I.                   Contexte

[2]               Entre 2008 et 2010, Monsieur Rosenberg et d’autres personnes morales liées ont fait l’objet d’une vérification de la part de l’ARC relativement aux années fiscales 2006 et 2007. La vérification était principalement reliée à des opérations de straddling (ou straddle loss) en relation avec « Mazel Partnership ». Dans le cadre de cette vérification, Monsieur Rosenberg a fourni à l’ARC plusieurs documents et renseignements. À l’issue de la vérification, une entente est intervenue entre l’ARC et Monsieur Rosenberg en date du 19 février 2010 (l’Entente).

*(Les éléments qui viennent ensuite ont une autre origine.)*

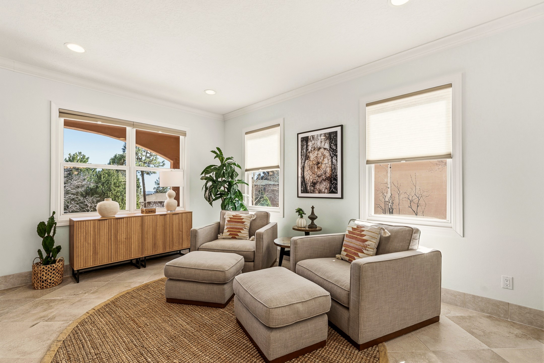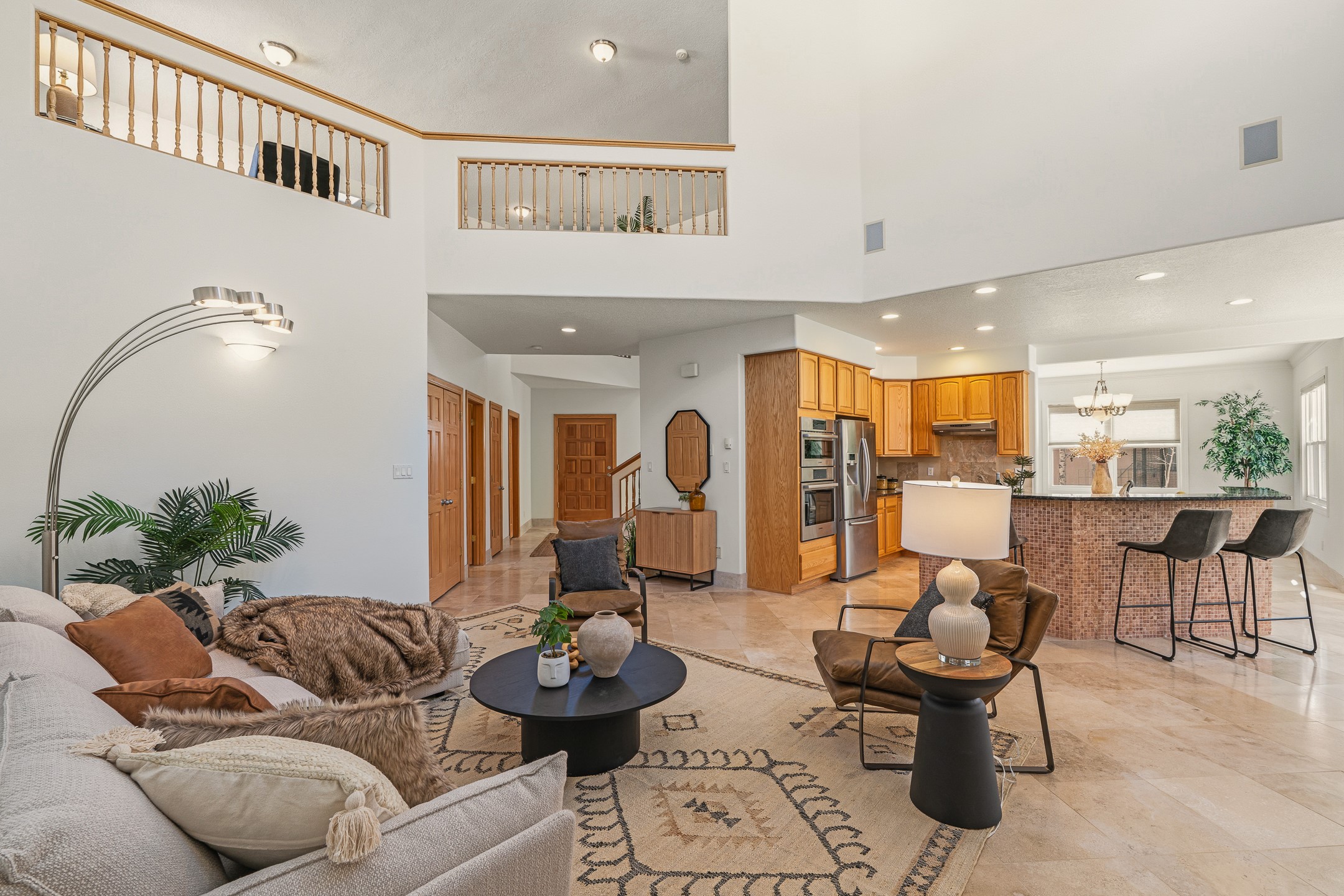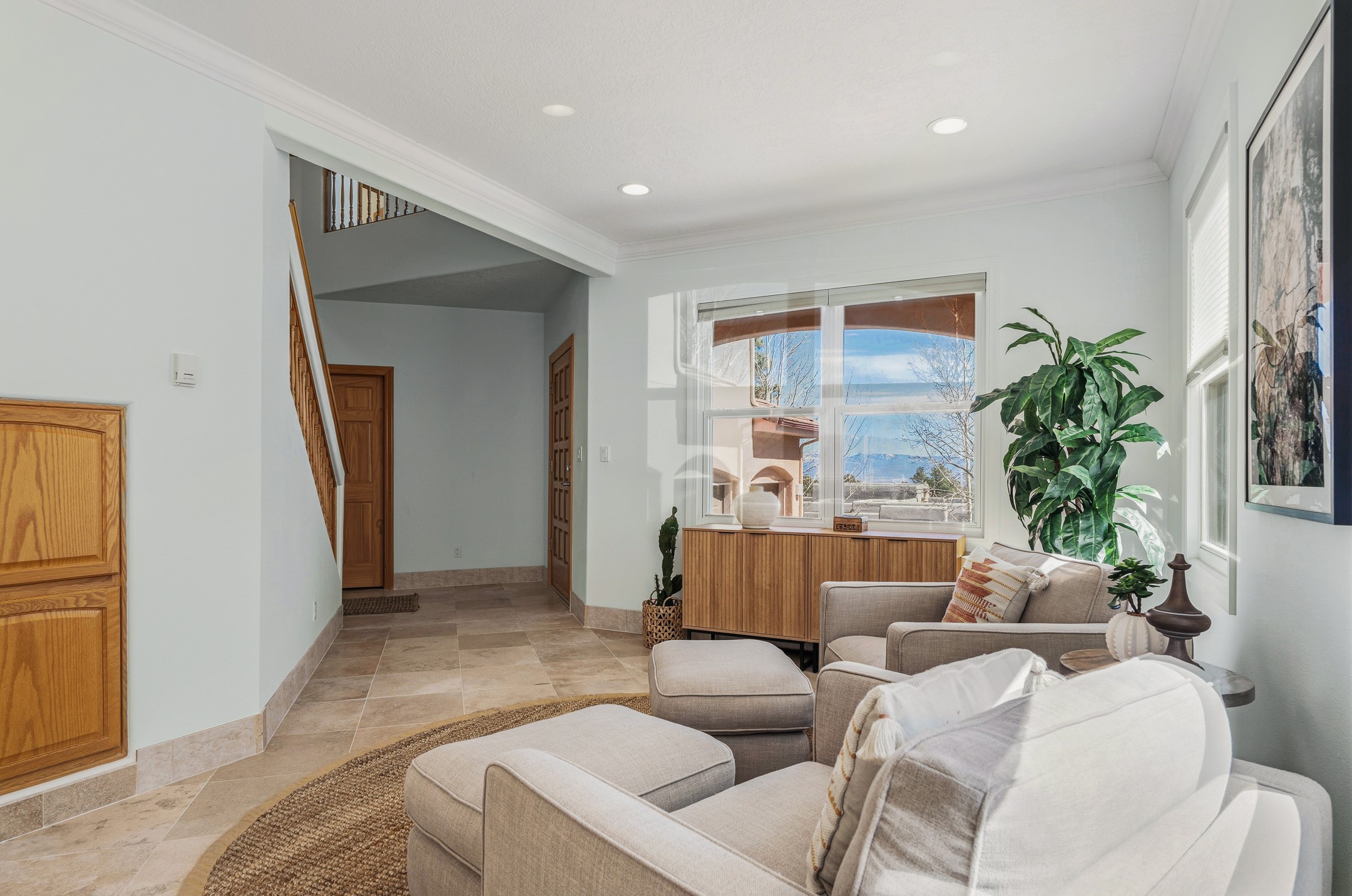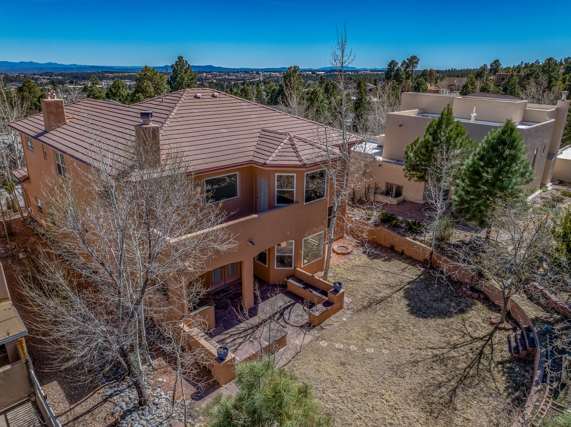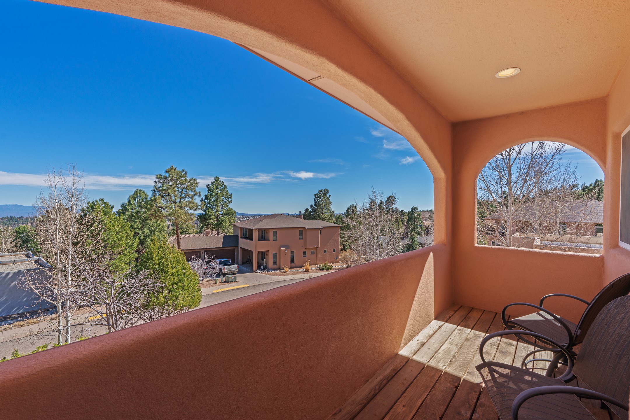 Exceptional custom residence in the highly sought-after Quemazon neighborhood, offering 3,125 square feet of refined living space, mountain views, and thoughtfully designed indoor-outdoor living.The main level is designed for comfort and ease, featuring a primary suite that allows for single-level living alongside beautifully appointed gathering spaces. A grand living room with soaring cathedral ceilings and a striking kiva fireplace creates a dramatic yet inviting focal point. The open-concept kitchen is both functional and elegant, featuring a large island with bar seating and seamless flow into a formal dining room and a sunlit breakfast nook--ideal for both entertaining and everyday living.Upstairs, hardwood flooring extends throughout, adding warmth and sophistication. A versatile loft overlooks the living area, providing an ideal space for a home office, library, or additional lounge. Two well-appointed guest bedrooms and a full bath offer comfortable accommodations, while an expansive upper-level primary suite serves as a true retreat, complete with a walk-in closet and a spa-inspired bath featuring dual vanities and a separate soaking tub. Step outside to enjoy two private balconies--an east-facing covered balcony with views of the Sangre de Cristo Mountains, and a west-facing balcony perfectly positioned for sunset vistas.The home's outdoor living is equally inviting, featuring a walk-out patio with a built-in gas grill, ideal for effortless entertaining. The backyard offers generous space to relax and gather, along with tiered garden beds for those who enjoy cultivating their own outdoor oasis.Additional highlights include an insulated three-car garage, travertine tile flooring throughout the main living areas, a durable concrete tile roof, and a new Navien combination boiler providing efficient in-floor radiant heating and domestic hot water.This exceptional Quemazon property blends architectural character, comfort, and scenic beauty in one of Los Alamos' premier neighborhoods. Schedule your private showing today and experience the elevated lifestyle this remarkable home has to offer! Seller plans to review offers on Wednesday, March 25.

[3]               Le 7 janvier 2013, dans le cadre d’une autre vérification, l’ARC a envoyé à Monsieur Rosenberg la demande de renseignements qu’elle a fondée sur l’article 231.1 de la LIR. Les documents et renseignements recherchés concernaient les opérations ayant fait l’objet de la vérification menée par l’ARC entre 2008 et 2010, soit les opérations de straddling auxquelles Monsieur Rosenberg a participé pour les années d’imposition de 2006 et 2007. Monsieur Rosenberg estime que l’Entente, qu’il qualifie de transaction, est opposable à la Ministre, qu’elle mettait un terme définitif à tout différend concernant l’impôt qu’il devait payer pour les années 2006 et 2007, et qu’elle empêche la Ministre de se prévaloir de ses pouvoirs en vertu de l’article 231.1 de la LIR aux fins de procéder à une nouvelle vérification des opérations visées par l’Entente et qui pourrait mener à une nouvelle cotisation pour ces années d’imposition.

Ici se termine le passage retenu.